Not too many Maxima's make it up here...

Maxima's ROCK!

Unfortunately cardomain wasn't cooperating so I had to link it to page three...

http://www.cardomain.com/memberpage/439683/3


----------



## mzanubis (Feb 19, 2003)

i love it. way to represent the maximas. :thumbup:


----------



## Radioaktiv (Feb 12, 2004)

wow...
you









me


----------



## RBI*04 (Sep 10, 2004)

Radioaktiv said:


> me
> [img.]http://www.nissanforums.com/attachment.php?attachmentid=1138&stc=1[/img]


he has 4 lugnuts on his front wheels 

j/k


----------



## Radioaktiv (Feb 12, 2004)

RBI*04 said:


> he has 4 lugnuts on his front wheels
> 
> j/k


yeah yeah
my lug is stripped and needs to be replaced
im just waiting for my brembo rotors to come, then I'll fix it

<sheesh>


----------



## alexburke21 (Aug 19, 2002)

Woah, talk about evil twins... yours is just lowered and actually has an sr20, nice and clean.

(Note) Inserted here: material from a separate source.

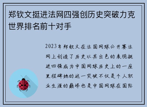 2023年,郑钦文在法国网球公开赛(法网)上创造了历史,以其出色的表现挺进四强,成为中国网球历史上的一座里程碑。她的这一突破,不仅是个人职业生涯的巅峰,也是中国网球在国际大赛上的又一突破性进展。郑钦文...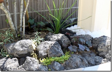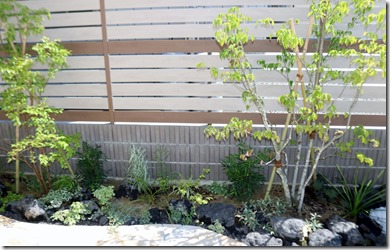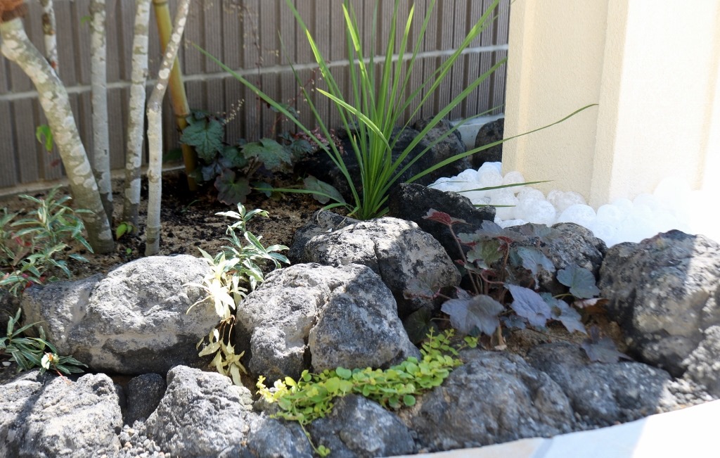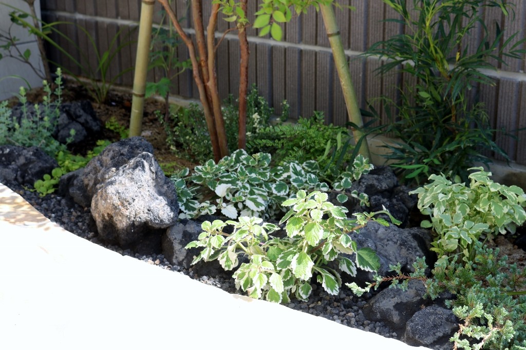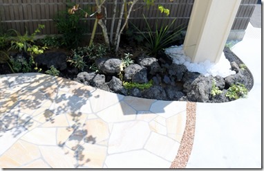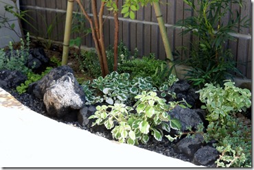 通路と隣地境界の隙間の空間は、浅間の溶岩石で花壇を作り、植木・下草をして仕上げました。

Too bad I don't have that car anymore, but I love my max waaaay more.


----------



## asleepz (Feb 24, 2004)

nice car


----------



## Nismo1997 (Dec 26, 2003)

all nice cars..threw some wheels on the max


----------



## alexburke21 (Aug 19, 2002)

For now I really like the stock wheels, but I am considering some Eibach springs. I'm on a bit of a college budget right now... so the car payment and rent consume all funds

Thanks all for the comments,

Alex


----------



## SE-Rious Rider (Feb 19, 2004)

alexburke21 said:


> For now I really like the stock wheels, but I am considering some Eibach springs. I'm on a bit of a college budget right now... so the car payment and rent consume all funds
> 
> Thanks all for the comments,
> 
> Alex


Sucks don't it :thumbdwn:


----------